The role of medication is only to change the chemicals, do not give them undue credit. You're the one who has been doing the real work. Between the despairing, or hurting the self that there may be, as it usually is, as part of grief, you're the one who's coming to better ideas about how you should be, what you should do and not do.
How you are on lithium isn't a normal that one could strive for or something, it's a mere aid, while your disability and dysfunctions concern your unique and very personal nature.

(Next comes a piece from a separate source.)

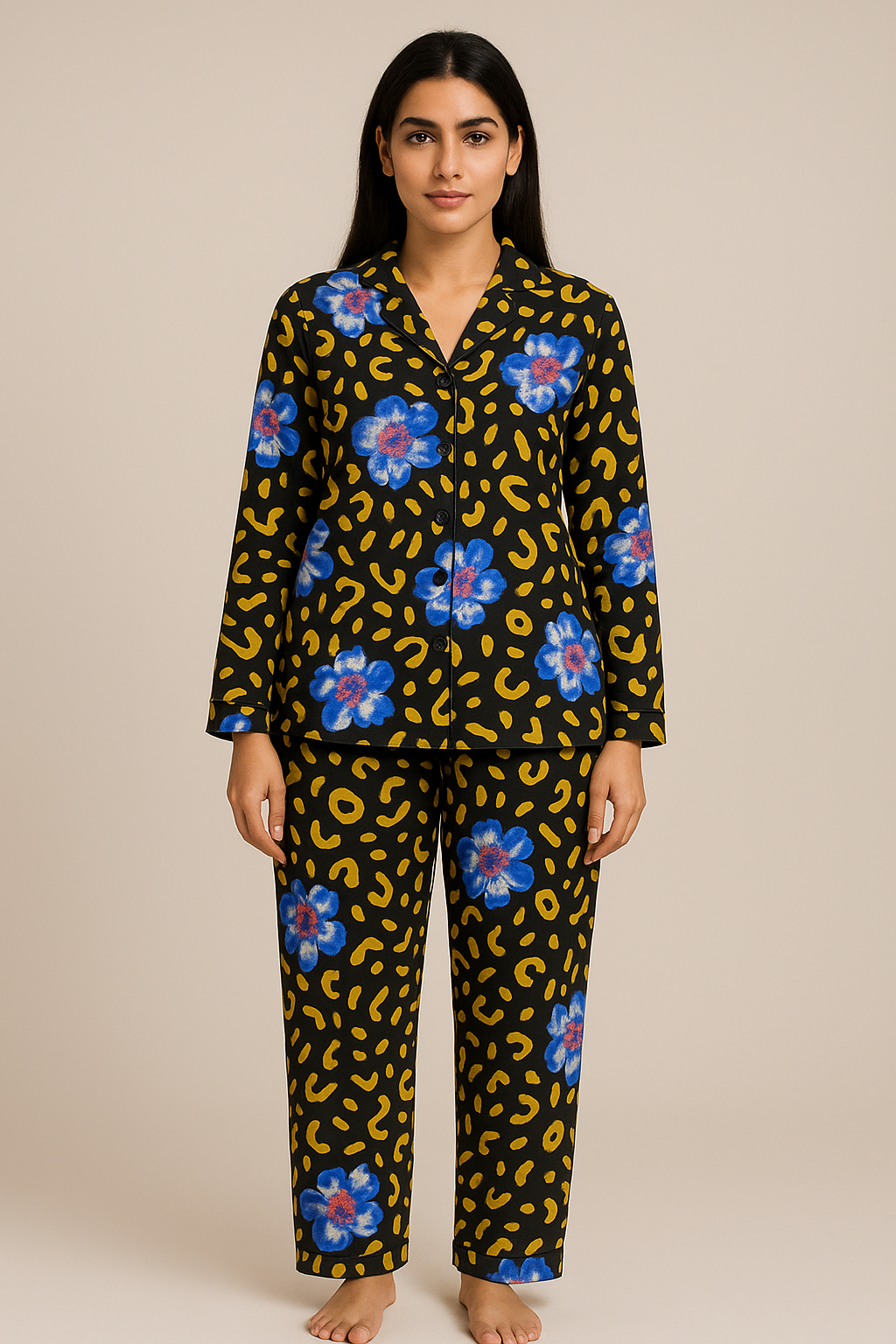 Unleash your wild side with our floral cheeta Print Pajama Set the perfect blend of bold style and breezy comfort. Crafted from a lightweight, breathable linen-blend fabric, this two-piece set includes a relaxed short-sleeve button-up top with a chest pocket and matching drawstring shorts. The eye-catching black-and-white zebra print adds a playful yet chic touch, making it ideal for warm nights or laid-back lounging.

And I'm not sure if this helps but my experience with lithium was that initially it worked magic, compared to the permutations of those anti-psychotic drugs and ssri that I was put through, and it was great, I had a huge crisis and just one pill fixed it. My psychiatrist was a god and a seer. And then, after like a couple weeks, it didn't work anymore. I took that unworkability of things, in my intellect this time too, independent of my emotional episodes, since my emotions weren't literally driving me to death anymore, and so I began to philosophise and came to suicide as the right, virtuous choice (for me!). In due time however, because there was a bit of a hangup for the same, as their usually is because of physical circumstances and a lack of the same urgency that there used to be before, I was introduced to a possibility of truth of things being different from the determinations that I had arrived at, owing to my life's experience (most all of which was spent being suicidal af and unable to feel safe in the world, so...) and education (intellect was ill-equiped with inadequate education, as is the case for most all people who may as well be highly educated).

Anyway. I had wanted to engage with you since you had, fortunately, resumed posting back here again for support. But I'm not necessarily in ideal shape and therefore won't necessarily be able to say all the right, and helpful things, and so I didn't. Until now, because what the hell I should try to add something. But do forgive how off it may be, I'm still out of whack most of the time. I'm happy to read that you're much less suicidal, this is significant, regardless of what harshness you may experience on ocassions. I'm completely sure you will make the progress, including the part where it's worth it to be sure. No matter how unworkable and literally physically impossible it all may seem, you will get what you want, there's nothing I could believe in more than that.